Die Deutsche Bahn AG betrieb die Strecke zwischen 1994 und 1998. Diese Zeit war gekennzeichnet durch die abschnittsweise Einstellung des Schienenpersonenverkehrs auf der gesamten NLE. Zuletzt benötigte der Personenzug für die vier Kilometer zwischen Uckro und Zöllmersdorf 17 Minuten. Aufgrund des moorigen Untergrunds und des schlechten Zustands der Holzschwellen wurde dieser Abschnitt im Februar 1996 betrieblich gesperrt. Obwohl die Vorbereitungen für die Streckensanierung bereits begonnen hatten, wurde der Schienenpersonennahverkehr zwischen Herzberg und Beeskow vom Land Brandenburg abbestellt.[7] Der Güterverkehr wurde bedarfsweise von Lübben ausgehend in Richtung Krugau (Bundeswehr) und Luckau (Zement) weiterhin aufrechterhalten. Die Strecke zwischen Krugau und Beeskow wurde betrieblich gesperrt.

Nach fast dreijährigen Verhandlungen hat die Privatbahn Deutsche Regionaleisenbahn GmbH (DRE)(die damalige Bezeichnung war Deutsche Regionalbahn (DR) GmbH) im Auftrag des Deutschen Bahnkundenverband (DBV) am 31. Dezember 1999 die Strecke von Herzberg (Elster) nach Beeskow von der DB übernommen und damit vor der geplanten Stilllegung für 15 Jahre gerettet.[8] Dabei sollte gezeigt werden, dass auch ohne größere staatliche Subventionen der Schienenverkehr im dünn besiedelten ländlichen Raum aufrechterhalten werden kann. Dies sollte durch eine Kombination von Güter- und Personenverkehr ermöglicht werden. Es zeigte sich jedoch, dass dieses Ziel mit spärlichem Verkehr nicht erreicht werden kann.

Zur Wiederherstellung der Strecke bot sich die Landesgartenschau 2000 in Luckau an, zu der ein Sonderverkehr zwischen Lübben und Luckau eingerichtet wurde.[9] Die beantragte Bestellung des Verkehrs wurde jedoch zur Vermeidung eines Präzedenzfalles vom Land Brandenburg abgelehnt. Auch wurde die NLE nicht in ein Bahn/Bus-Kombiticket aufgenommen, da der Landkreis Dahme-Spreewald als Eigentümer der Regionalen Verkehrsgesellschaft Dahme-Spreewald mbH (RVS) dies ablehnte. Die Konsequenz war eine relativ geringe Auslastung der DRE-Züge.[10]

Im Jahresfahrplan 2000 waren im Zeitraum 28. Mai bis 15. Oktober an Wochenenden drei Fahrtenpaare zwischen Luckau-Uckro und Lübben vorgesehen, wobei je ein Zugpaar nach Herzberg (Elster) Stadt und Falkenberg (Elster) verlängert waren. Jedoch hat der Landesbevollmächtigte für Bahnaufsicht (LfB) des Landes Brandenburg dem eingesetzten MAN-Schienenbus wegen der für dieses Bundesland fehlenden Zulassung bereits nach drei Tagen den Betrieb untersagt. Da der Triebwagen jedoch die Zulassung für Deutschland besaß, konnte dieser den Betrieb im Dezember wieder aufnehmen[11] (die Fahrten fanden an den Wochenenden 9./10. und 16./17. Dezember 2000 statt).

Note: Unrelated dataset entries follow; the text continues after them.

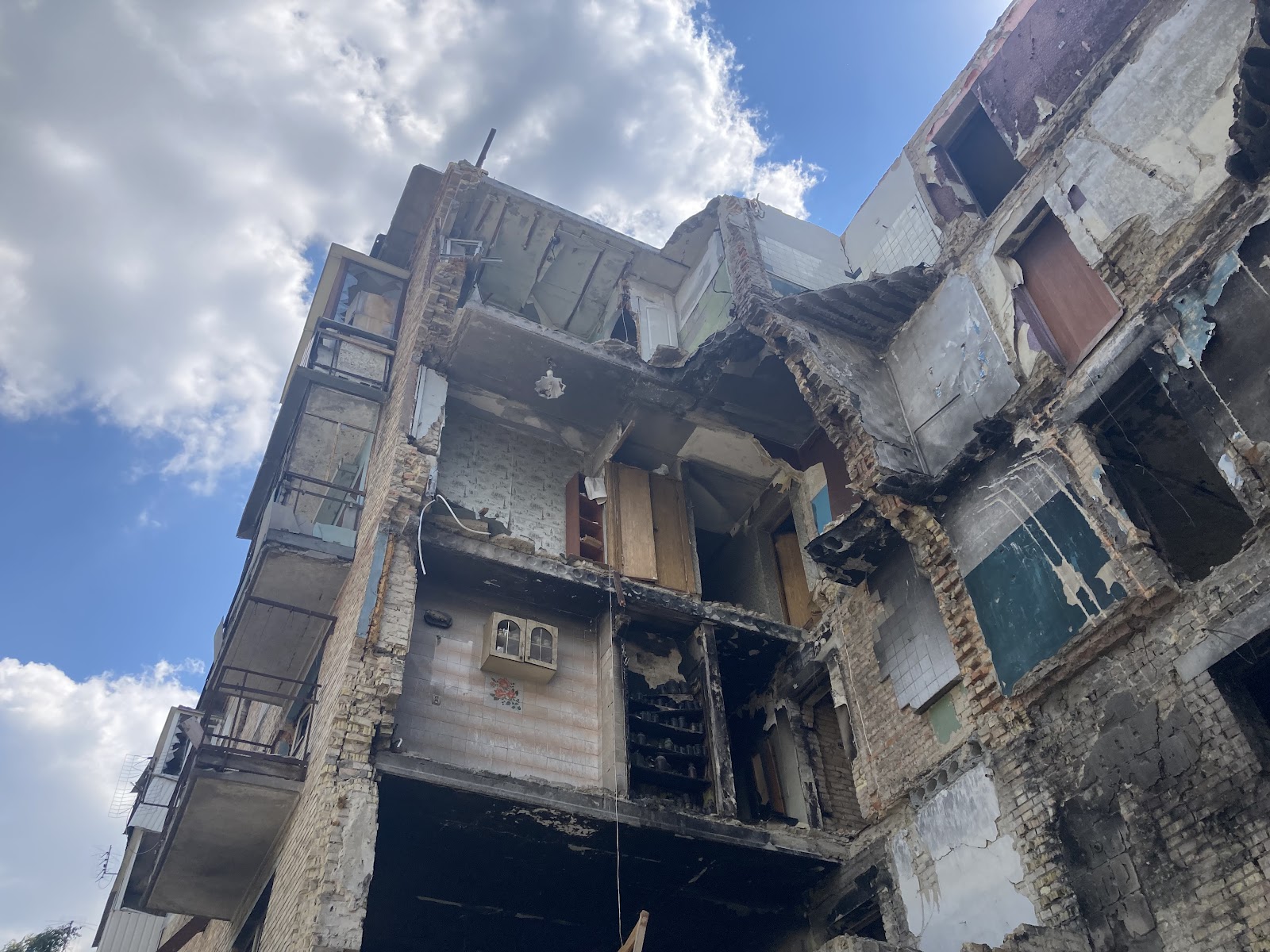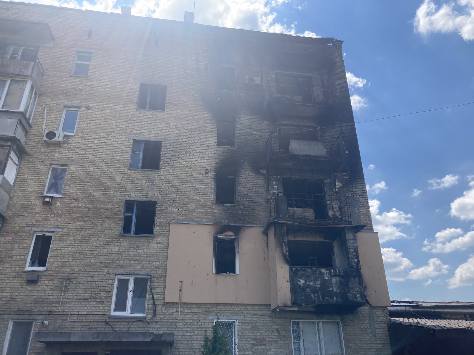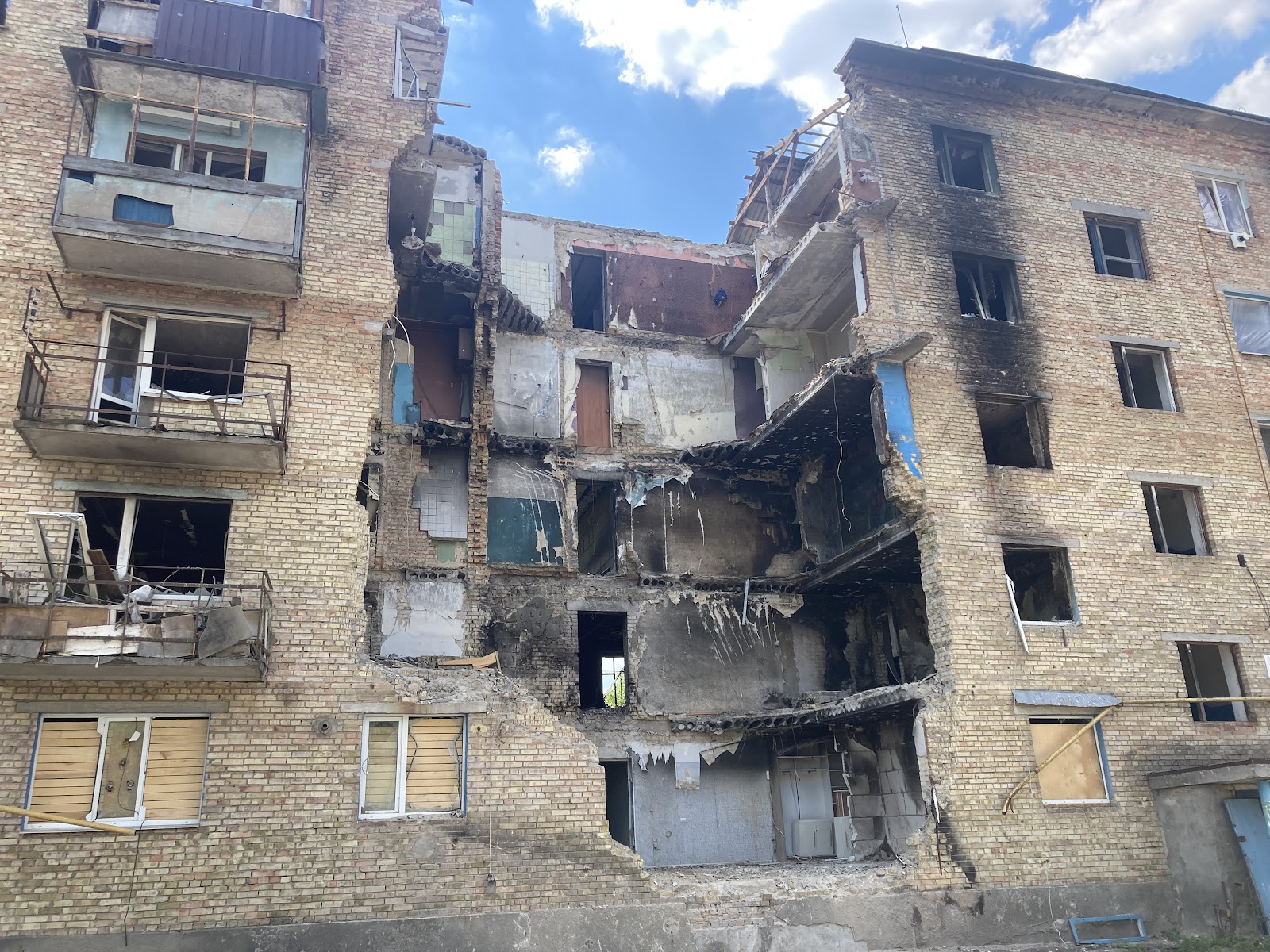 У селищі є і багатоквартирні будинки. Два з них – п’ятиповерхові, в одному – 60 квартир, у другому – 45. Перший будинок майже зруйнований. Тут у людей немає ані світла, ані газу, ані навіть води.
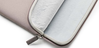 Insidan av KEEP Neoprene laptop-fodralet har ett mjukt foder som lägger till ett extra lager av skydd för din bärbara dator. Detta foder hjälper till att förhindra repor och repor som kan uppstå när du sätter i och tar bort din enhet.
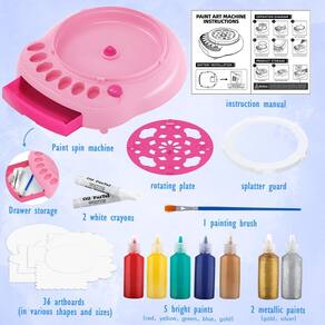 Artes e artesanato para crianças de 4 a 8 anos, kit de máquina de arte giratória, conjunto de artesanato para crianças de 6 a 9 anos, conjunto de kits de brinquedos giratórios de pintura legal, materiais de arte, presentes de aniversário para meninos e meninas de 6 a 7 8 9 10 11 e 12 anos - Máquina de arte giratória de pintura criativa: mergulhe no mundo da arte de respingo, onde você pode criar obras-primas exclusivas e se divertir com a pintura giratória. Liberte sua criatividade com nosso mecanismo giratório durável que garante infinitas sessões artísticas e criações hipnotizantes de arte giratória - Kit de pintura tudo-em-um: este kit de pintura multifuncional tem tudo o que você precisa para começar: uma máquina de girar tinta, uma placa rotativa, um protetor contra respingos, 5 tintas brilhantes, 2 tintas metálicas brilhantes, 36 pranchetas em vários formatos, 1 pincel e 2 giz de cera brancos para efeitos especiais. A máquina de centrifugação de tinta ainda vem com um compartimento de armazenamento conveniente para manter todas as suas tintas bem organizadas - Seguro e fácil de montar: a segurança é nossa principal prioridade, e é por isso que nosso kit de pintura não é tóxico e adequado para crianças, perfeito para jovens artistas. Com um protetor contra respingos e um processo de configuração fácil, este kit garante uma experiência de arte sem bagunça para artistas de todas as idades. Se a velocidade do chassi for lenta ou não conseguir girar, pode ser devido ao acúmulo excessivo de tinta no interior. Basta limpar a tinta interna com um pano úmido; não enxágue com água - Atividade criativa de artes e artesanatos: deixe sua imaginação voar com 7 tintas vibrantes e metálicas, juntamente com 36 pranchetas em diferentes formas e tamanhos para fazer cada criação se destacar de forma única. O kit de máquina de arte giratória de pintura é uma atividade fantástica de artes e artesanato que estimula a criatividade, melhora a exploração de cores, melhora a coordenação motora manual e estimula a expressão artística e o pensamento imaginativo através da arte prática - Presentes de pintura incríveis para crianças: este incrível kit de pintura é um ótimo presente para crianças e adultos! Perfeito para festas de artesanato, atividades artísticas, projetos de sala de aula e muito mais. Seja para feriados, aniversários, dia das crianças, Páscoa, Natal, Dia das Bruxas, Ação de Graças ou Ano Novo, este kit de pintura é um presente maravilhoso para crianças de 6, 7, 8, 9 e 10 anos de idade. Deixe a criatividade fluir com nosso kit de máquina de arte de spin de pintura
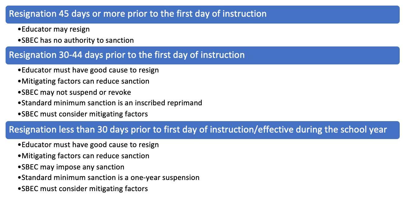 Prior to the 2021 change in law and the 2022 revision of SBEC rules, SBEC required a mandatory minimum sanction of a one year suspension for any educator who resigned within 45 days of the start of school without good cause or mitigating factors. SBEC could—but was not required to—consider mitigating factors. Now, consideration of those factors is mandatory and could lead to a suspended sanction, or to no sanction or disciplinary action at all.17
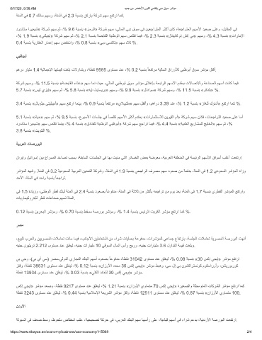 0.4 ﺔﺑﺳﻧﺑ ﺔﯾرﺎﻘﻌﻟا رﺎﻣﻋإ مﮭﺳ ضﻔﺧﻧاو ،% 0.8 ﺔﺑﺳﻧﺑ «ﻲﺑد ﻲﺳﻛﺎﺗ» مﮭﺳ هﻼﺗ %.
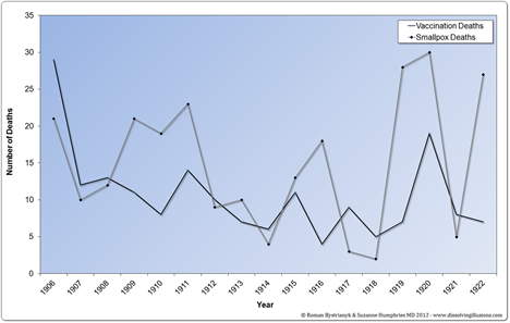 在整体水平上,疫苗伤害很常见。Dissolving Illusions 记述,在英格兰和威尔士,从 1859 年到 1921 年(可能被低估的)疫苗导致的死亡与天花死亡数相似。
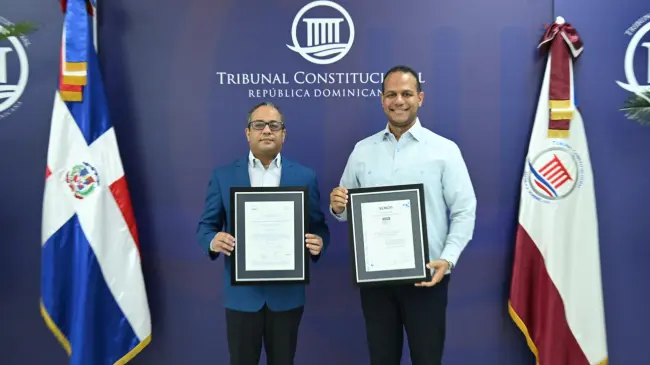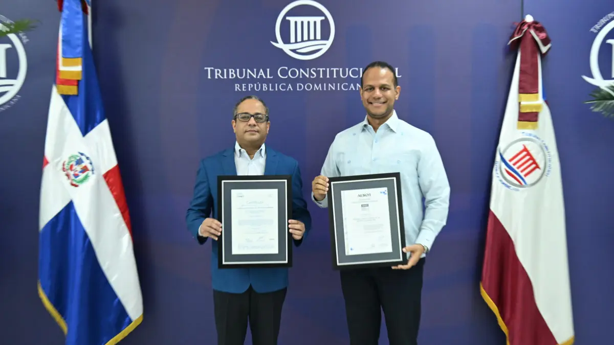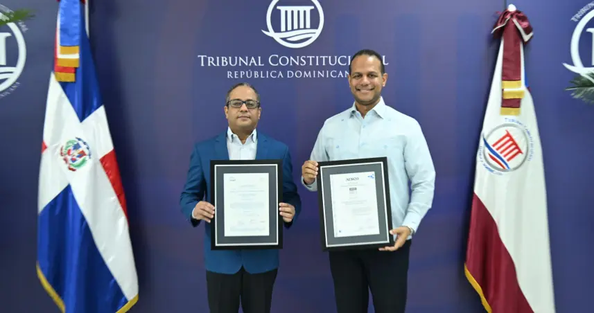 Los certificados fueron recibidos por el presidente del TC, magistrado Napoleón Estévez Lavandier, de manos del director de Aenor en la República Dominicana, Ariel Espejo Combes
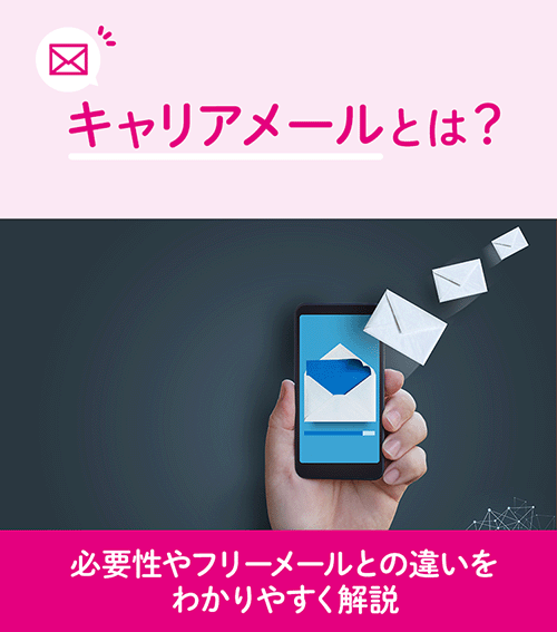 キャリアメールとは、通信事業者が発行している固有のドメインを用いたメールアドレスです。セキュリティの信頼度が高く、初期設定や手続きがしやすいなどのメリットがありますが、通信事業者を解約、あるいは乗り換えると利用できなくなります。
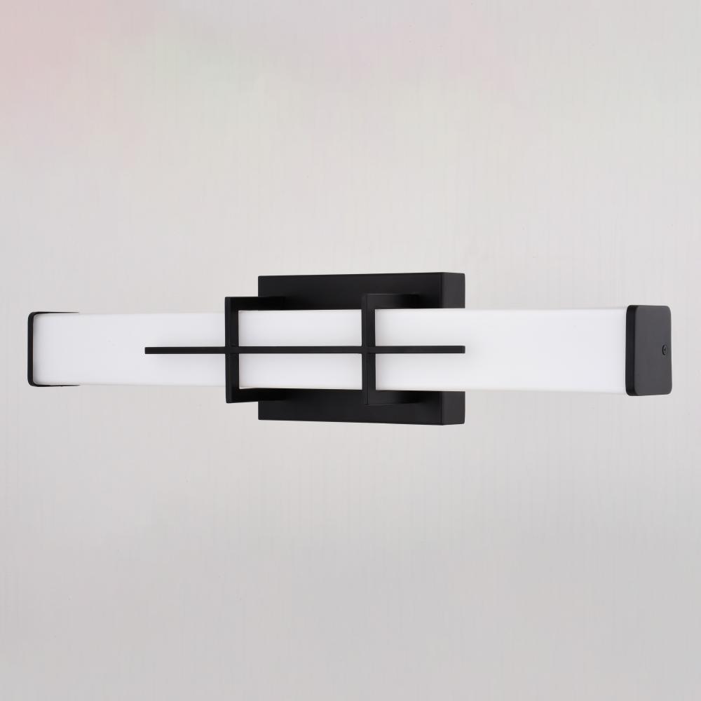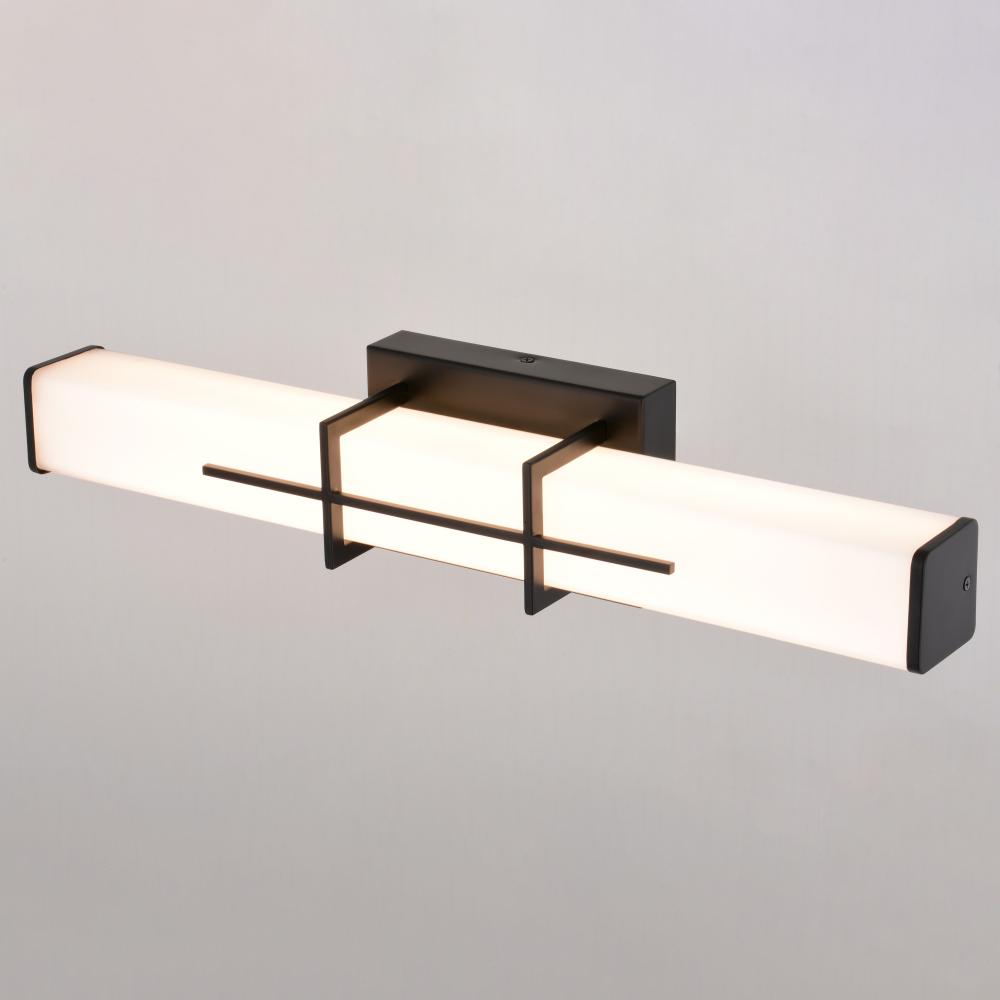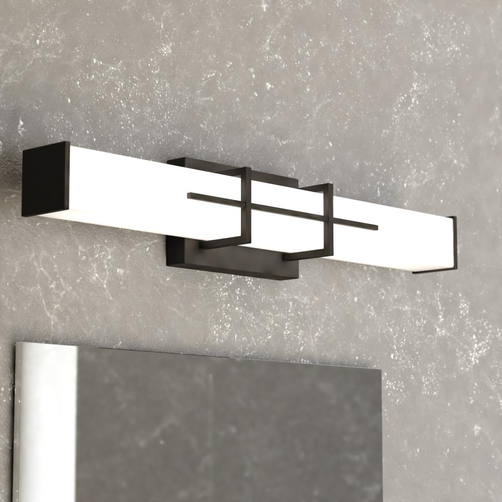 Upgrade your bathroom into a modern oasis of style and light with the Fuller Park LED vanity light's bold and contemporary design. Featuring a unique geometric pattern and integrated, dimmable LED technology, this fixture offers both style and functionality. Enjoy bright, even illumination to enhance your daily routine and create a relaxing ambiance with its dimming capabilities.

Ein weiteres großes Ereignis war der 6. Brandenburg-Tag in Luckau am 1. und 2. September 2001. Hierzu wurde ein Stunden-Taktverkehr zwischen Lübben und Luckau-Uckro mit zwei Zügen eingerichtet, die jeweils in Luckau wendeten. Einzelne Fahrten wurden nach Groß-Leuthen-Gröditsch bzw. Falkenberg (Elster) verlängert. Ansonsten sah der Saisonfahrplan vom 10. Juni bis 31. August 2001 an Wochenenden und Feiertagen wieder Personenverkehr zwischen Falkenberg und Groß Leuthen-Gröditsch vor.

Der Fahrplan vom 16. Juni bis 3. November 2002 sah vier Zugpaare zwischen Lübben Süd und Groß Leuthen-Gröditisch am Wochenende vor. Dabei begann wurde jeweils ein Zugpaar nach Alt Herzberg und Luckau-Uckro verlängert.